(Dataset items)

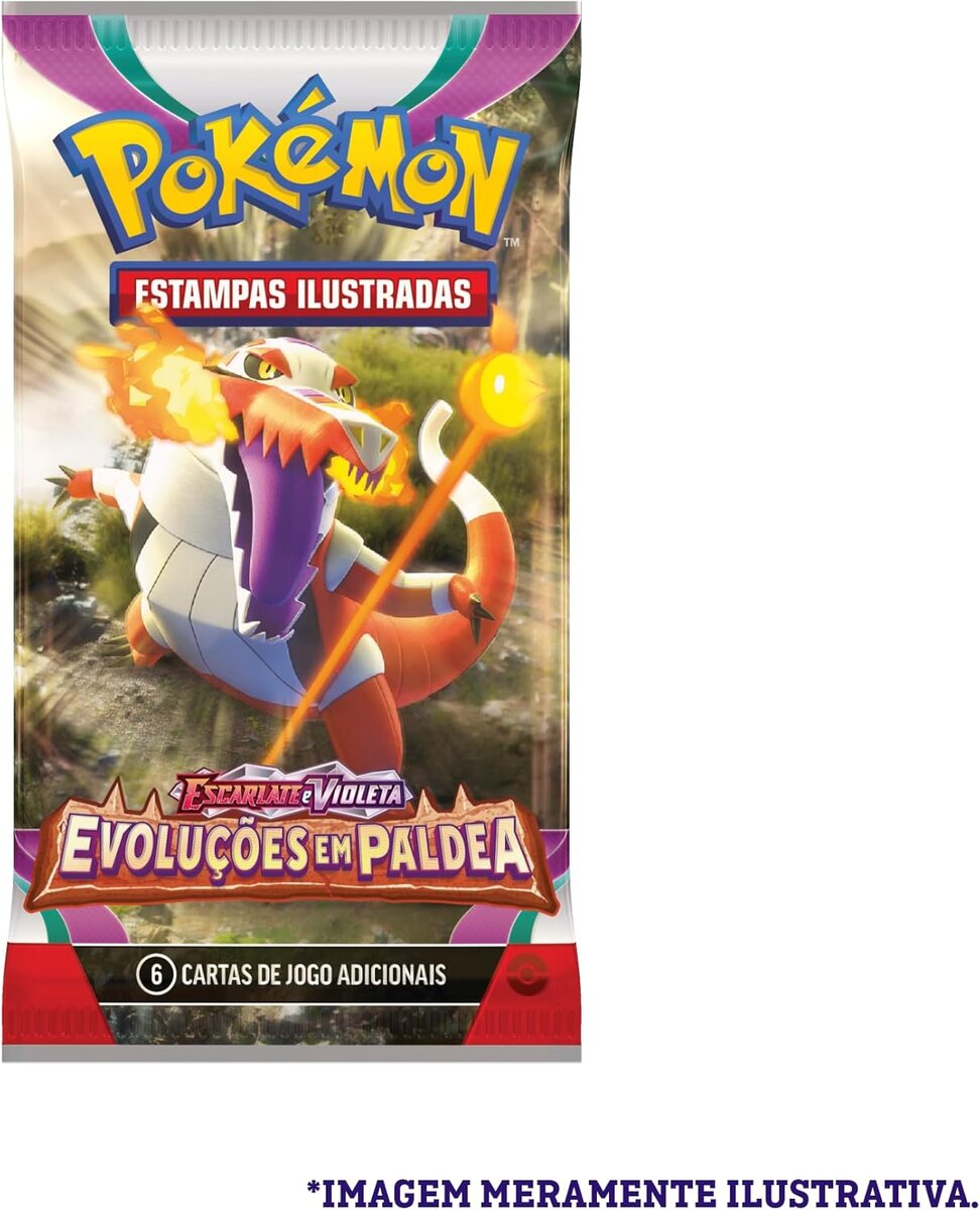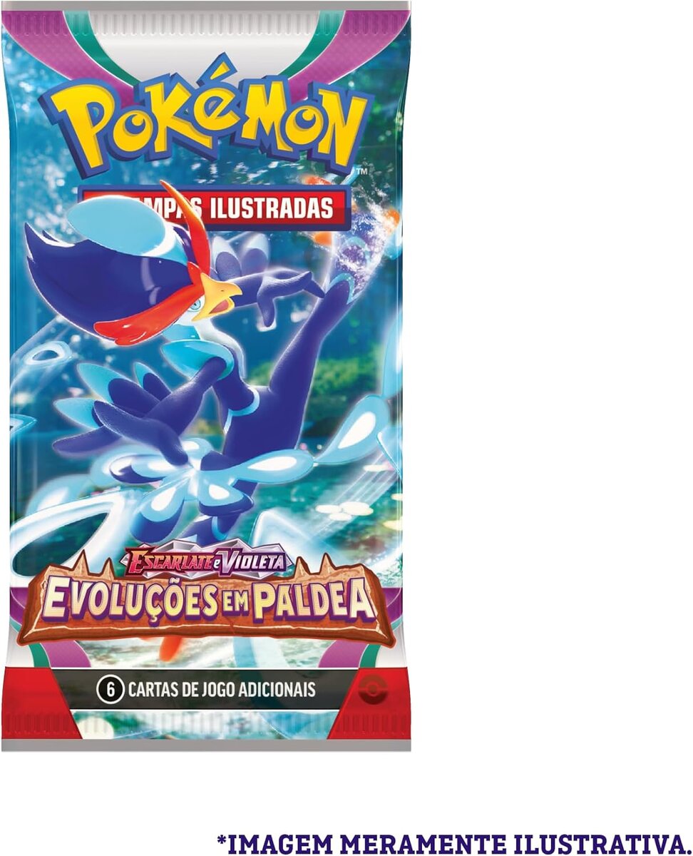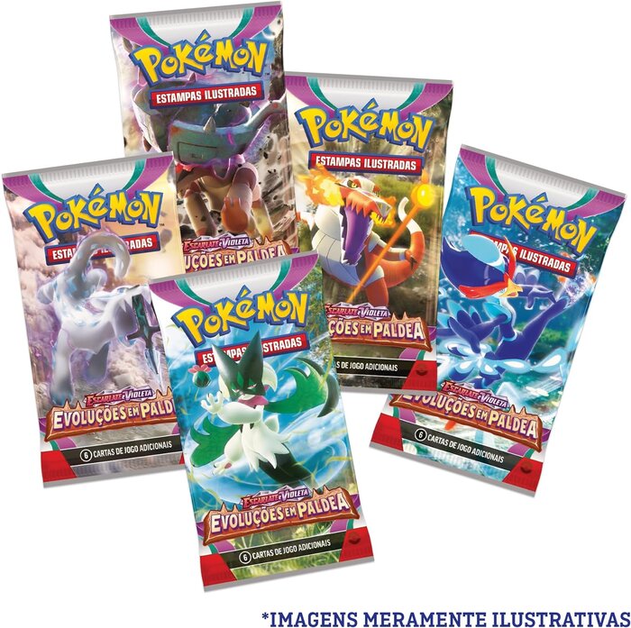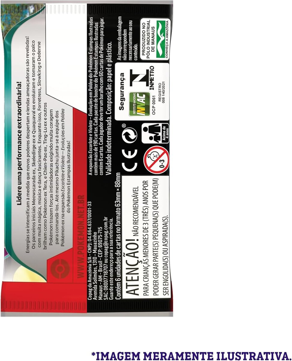 Lidere uma performance extraordinária Energias se intensificam à medida que novos poderes despertam e lendas ameaçadoras são reveladas Os parceiros iniciais Meowscarada ex, Skeledirge ex e Quaquaval ex evoluíram e tomaram o palco com muita mágica, música e dança fascinantes. Enquanto isso, Forretress, Slowking e Dedenne brilham como Pokémon ex Tera, e ChienPao ex, TingLu ex e outros Pokémon trazem forças intimidadoras exigindo muita coragem para comandálos. Até mesmo Pikachu juntase à equipe dos Pokémon ex na expansão Escarlate e Violeta Evoluções em Paldea do Pokémon Estampas Ilustradas CADA Booster VEM COM 6 CARTAS
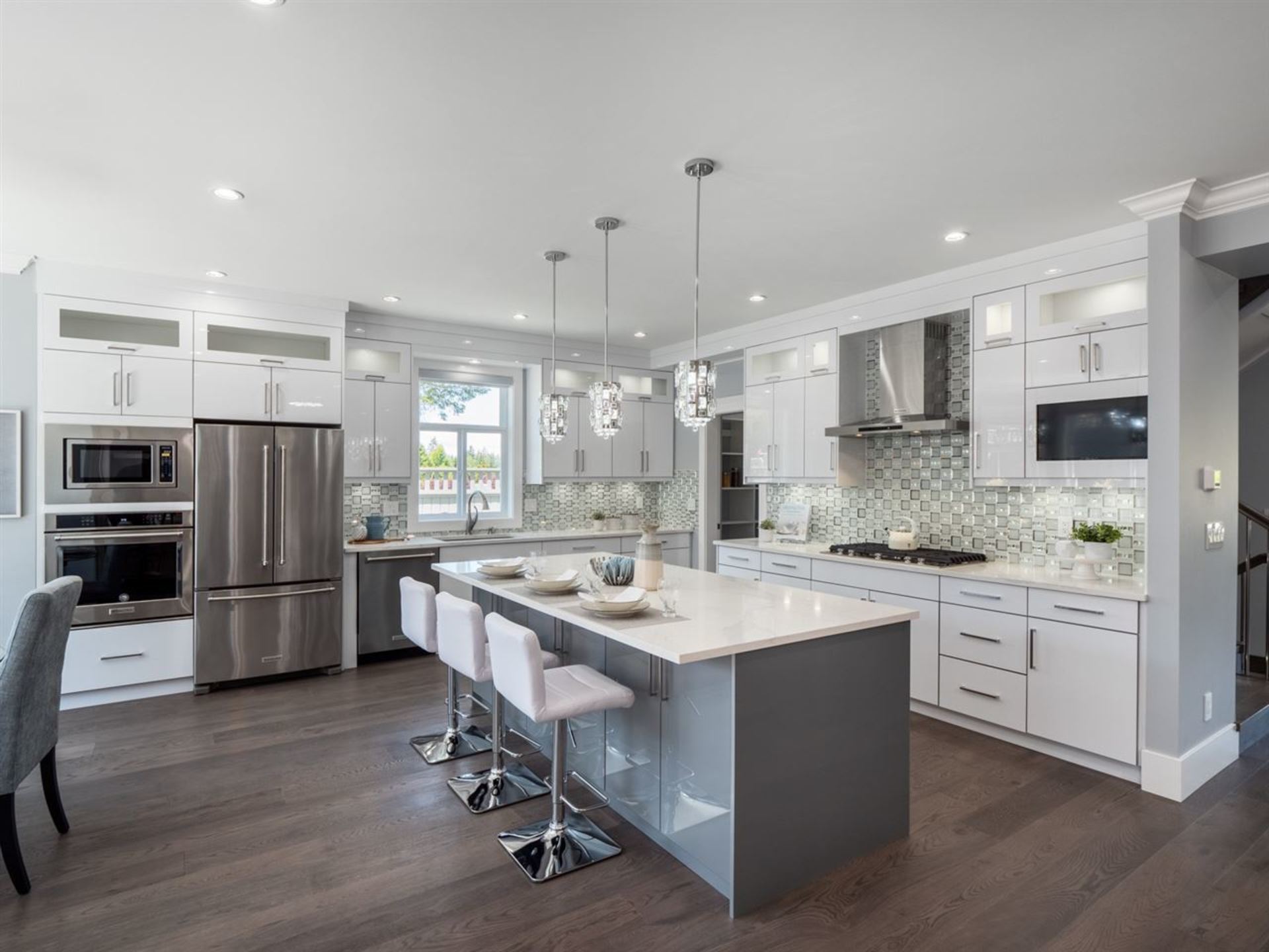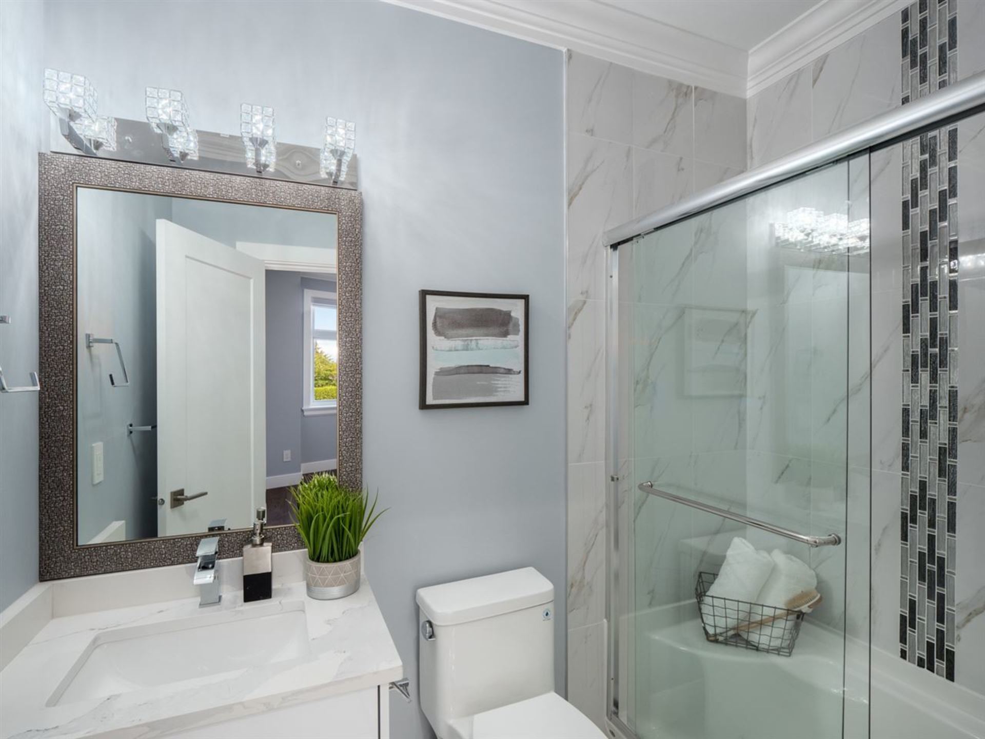 RARE OPPORTUNITY! This executive and custom-build residence is an expansive DUPLEX offering 3870 SQFT of luxurious living space on 3 levels. The beautiful tudor-style facade gives the appearance of a grand-scale single family home. MODERN Interior Design and 5 Beds/6 baths with potential for a SUITE on the lower level. Main floor boasts an open concept with a living room, adjacent dining room and spacious Great Room with access to a covered deck. Kitchen features a large center island, quality cabinetry & appliances, and walk-in pantry. 4 large bedrooms above including the South Facing MASTER SUITE! Lower level provides excellent flexibility with a Rec Room & potential mortgage helper...Situated on a Bright 5,209sqft property with excellent sunlight and garden space. Excellent location.
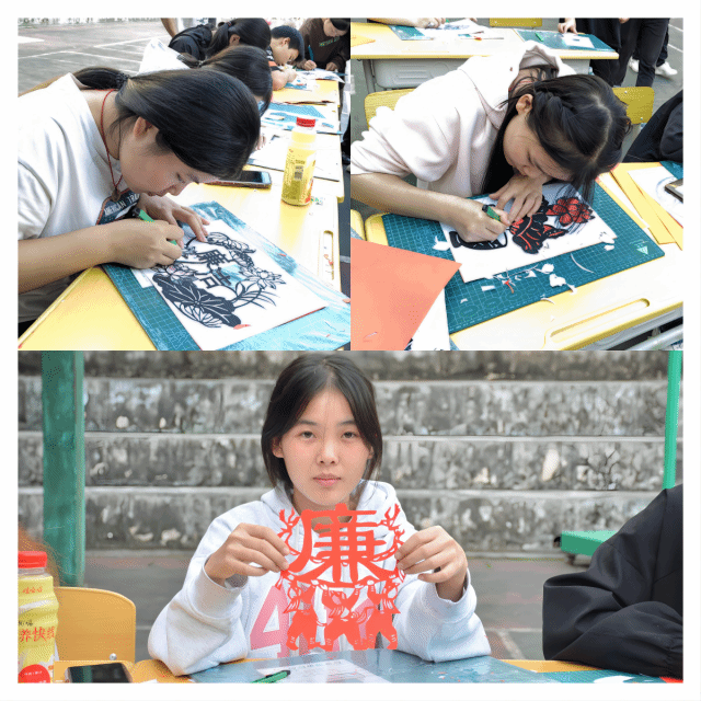 活动上,同学们跟随老师的讲解和手法,或叠或剪或修,循着“廉”“莲”等关键词进行裁剪、雕刻,将“廉”用艺术的转化手法剪刻出来,从而体会“廉”的形与意。同学们在完成制作后,纷纷拿着自己的作品互相交流、欣赏,感受廉文化带来的精神意趣和传统剪纸艺术的魅力。
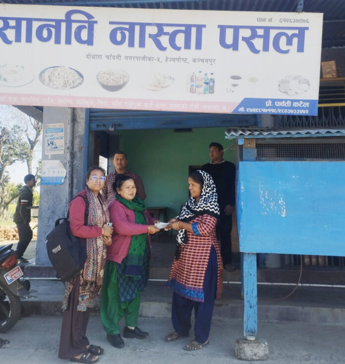दोधारा । दोधारा चाँदनीमा एकल महिलाहरुलाई आर्थिकपार्जनको निम्ती आर्थिक सहयोग गरिएको छ् । द्धन्द्धपिडित तथा एकल महिला बिकास केन्द्र कञ्चनपुरले दोधारा चाँदनी नगरपालिका– ५ निवासी पार्वती देवी कटेल र दोधारा चाँदनी नगरपालिका– ३ निवासी जशुदेबी बिष्टलाई आर्थिकपार्जनमा सहयोग होस भन्ने उद्धेश्यले आर्थिक सहयोग गरिएको द्धन्द्धपिडित तथा एकल महिला बिकास केन्द्र कञ्चनपुरका अध्यक्ष सिता बोहराले जनाएका छन् । दुर्व जना एकल महिलाहरु हुन् । पार्वती देवी कटेलले दोधारा चाँदनी नगरपालिका कार्यालय नजिक नास्ता पसल संचालन गर्दै आएका छन् ।
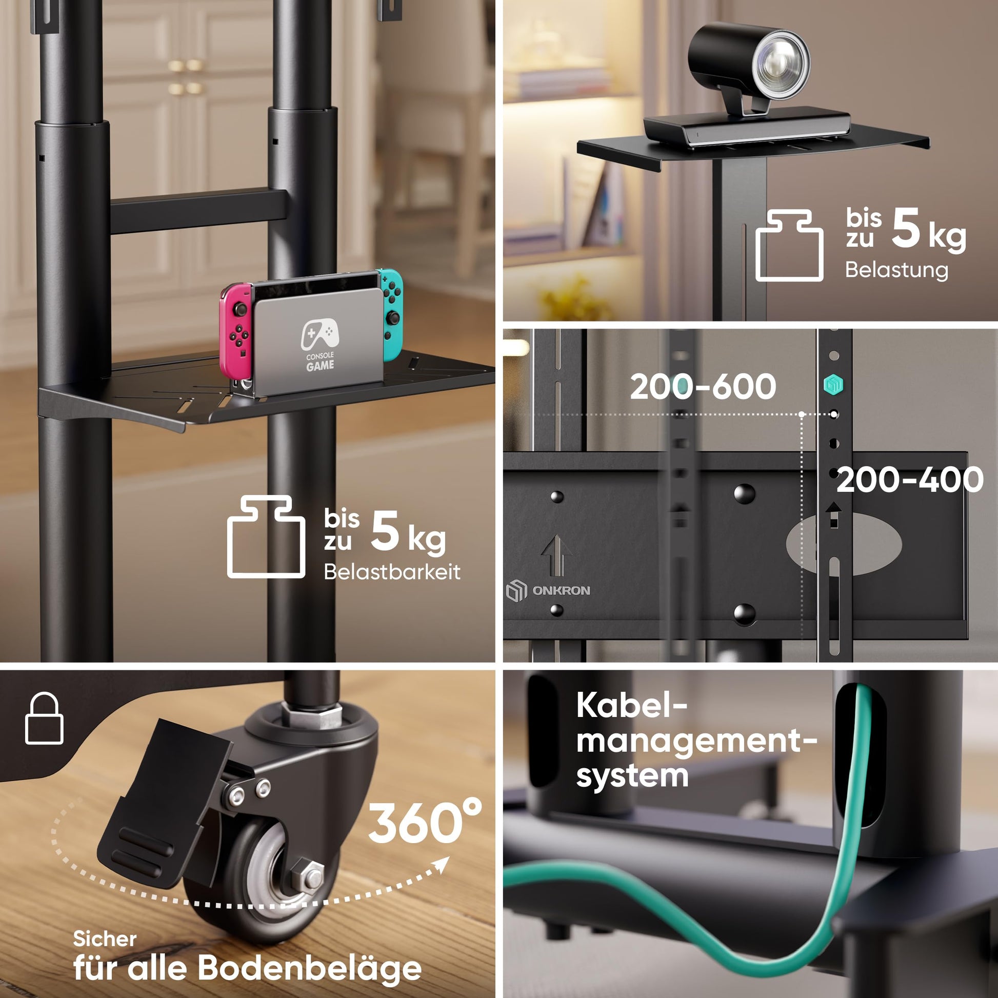 Der ONKRON TS1571-B ist somit die clevere Wahl für alle, die eine stabile, mobile und aufgeräumte Präsentations- und Entertainment-Lösung suchen.

**TRY IT:** Your copy should match every record exactly and contain no pictures.

**COMPLETED TASK:**
 Lidere uma performance extraordinária Energias se intensificam à medida que novos poderes despertam e lendas ameaçadoras são reveladas Os parceiros iniciais Meowscarada ex, Skeledirge ex e Quaquaval ex evoluíram e tomaram o palco com muita mágica, música e dança fascinantes. Enquanto isso, Forretress, Slowking e Dedenne brilham como Pokémon ex Tera, e ChienPao ex, TingLu ex e outros Pokémon trazem forças intimidadoras exigindo muita coragem para comandálos. Até mesmo Pikachu juntase à equipe dos Pokémon ex na expansão Escarlate e Violeta Evoluções em Paldea do Pokémon Estampas Ilustradas CADA Booster VEM COM 6 CARTAS
 RARE OPPORTUNITY! This executive and custom-build residence is an expansive DUPLEX offering 3870 SQFT of luxurious living space on 3 levels. The beautiful tudor-style facade gives the appearance of a grand-scale single family home. MODERN Interior Design and 5 Beds/6 baths with potential for a SUITE on the lower level. Main floor boasts an open concept with a living room, adjacent dining room and spacious Great Room with access to a covered deck. Kitchen features a large center island, quality cabinetry & appliances, and walk-in pantry. 4 large bedrooms above including the South Facing MASTER SUITE! Lower level provides excellent flexibility with a Rec Room & potential mortgage helper...Situated on a Bright 5,209sqft property with excellent sunlight and garden space. Excellent location.
 活动上,同学们跟随老师的讲解和手法,或叠或剪或修,循着“廉”“莲”等关键词进行裁剪、雕刻,将“廉”用艺术的转化手法剪刻出来,从而体会“廉”的形与意。同学们在完成制作后,纷纷拿着自己的作品互相交流、欣赏,感受廉文化带来的精神意趣和传统剪纸艺术的魅力。
दोधारा । दोधारा चाँदनीमा एकल महिलाहरुलाई आर्थिकपार्जनको निम्ती आर्थिक सहयोग गरिएको छ् । द्धन्द्धपिडित तथा एकल महिला बिकास केन्द्र कञ्चनपुरले दोधारा चाँदनी नगरपालिका– ५ निवासी पार्वती देवी कटेल र दोधारा चाँदनी नगरपालिका– ३ निवासी जशुदेबी बिष्टलाई आर्थिकपार्जनमा सहयोग होस भन्ने उद्धेश्यले आर्थिक सहयोग गरिएको द्धन्द्धपिडित तथा एकल महिला बिकास केन्द्र कञ्चनपुरका अध्यक्ष सिता बोहराले जनाएका छन् । दुर्व जना एकल महिलाहरु हुन् । पार्वती देवी कटेलले दोधारा चाँदनी नगरपालिका कार्यालय नजिक नास्ता पसल संचालन गर्दै आएका छन् ।
 Der ONKRON TS1571-B ist somit die clevere Wahl für alle, die eine stabile, mobile und aufgeräumte Präsentations- und Entertainment-Lösung suchen.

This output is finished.